=== Exercise instructions ===
In full and word for word, copy the listing; no pictures belong in the copy.

=== Data extract ===

........

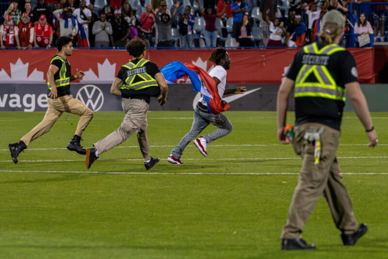 There were several instances of pitch invaders jumping down onto the pitch, giving the Stade Saputo security team a work out as they raced to tackle the naughty fans – one of whom stopped to hug Haiti’s Roseline Eloissaint, while another fan hopped over the barrier and lead the security guards on a chase with his Haiti’s flag waving proudly behind him. Soon enough, despite some fancy footwork, he ran out of room and was tackled down to the ground, and escorted away.
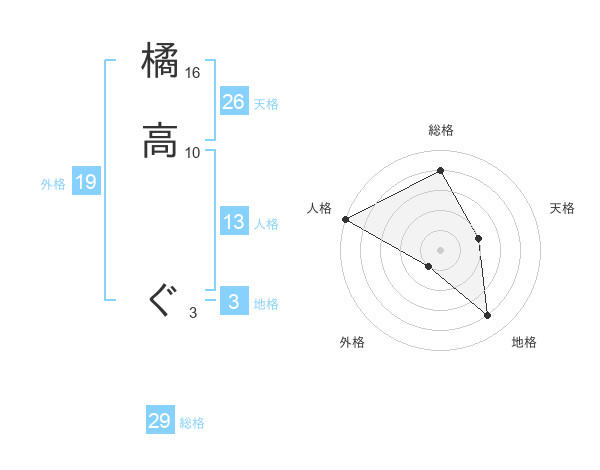 橘高 ぐさんを姓名の画数から五運を鑑定
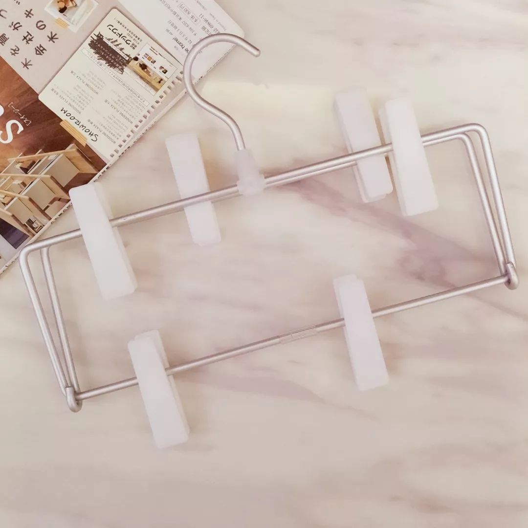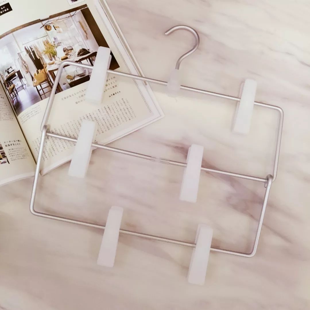能省下空间的,还有这款铝制衣架,来自MUJI,80元。适合夹多条裙子和裤子,放在衣橱里不占空间。
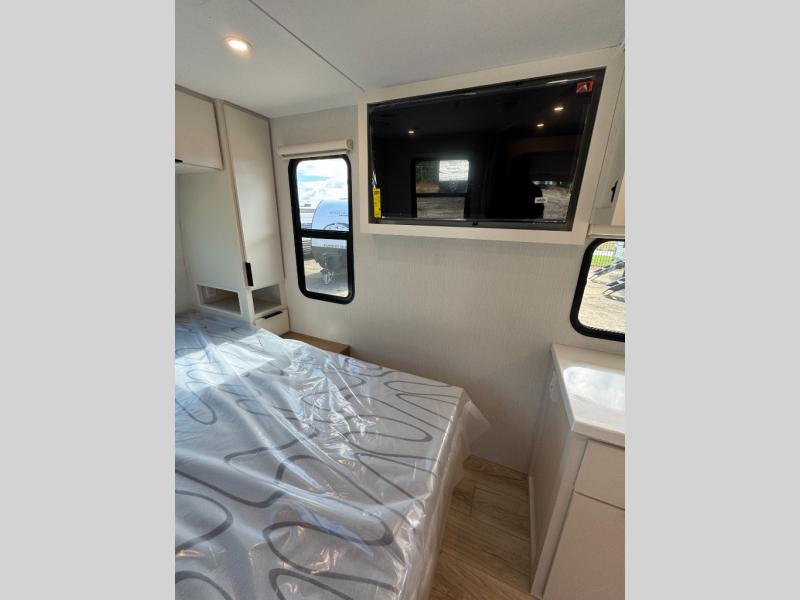 It will be so easy to enjoy camping trips in this compact travel trailer. The jack knife sofa slide provides more floor space plus a place for an overnight guest to sleep. You'll find an Olympic queen bed up front with a privacy curtain and dual bedroom wardrobes to keep your things tidy. A recessed three burner cooktop with an oven will let you make meals each day, and the 10.6 cu. ft. 12V refrigerator will keep your cold items fresh. There is also a pantry with pull-out shelves for added storage space. The full bath includes a power vent fan and a shower skylight that will give you more lighting and extra head room as you get ready each day!

........

=== Your response ===
 There were several instances of pitch invaders jumping down onto the pitch, giving the Stade Saputo security team a work out as they raced to tackle the naughty fans – one of whom stopped to hug Haiti’s Roseline Eloissaint, while another fan hopped over the barrier and lead the security guards on a chase with his Haiti’s flag waving proudly behind him. Soon enough, despite some fancy footwork, he ran out of room and was tackled down to the ground, and escorted away.
 橘高 ぐさんを姓名の画数から五運を鑑定
能省下空间的,还有这款铝制衣架,来自MUJI,80元。适合夹多条裙子和裤子,放在衣橱里不占空间。
 It will be so easy to enjoy camping trips in this compact travel trailer. The jack knife sofa slide provides more floor space plus a place for an overnight guest to sleep. You'll find an Olympic queen bed up front with a privacy curtain and dual bedroom wardrobes to keep your things tidy. A recessed three burner cooktop with an oven will let you make meals each day, and the 10.6 cu. ft. 12V refrigerator will keep your cold items fresh. There is also a pantry with pull-out shelves for added storage space. The full bath includes a power vent fan and a shower skylight that will give you more lighting and extra head room as you get ready each day!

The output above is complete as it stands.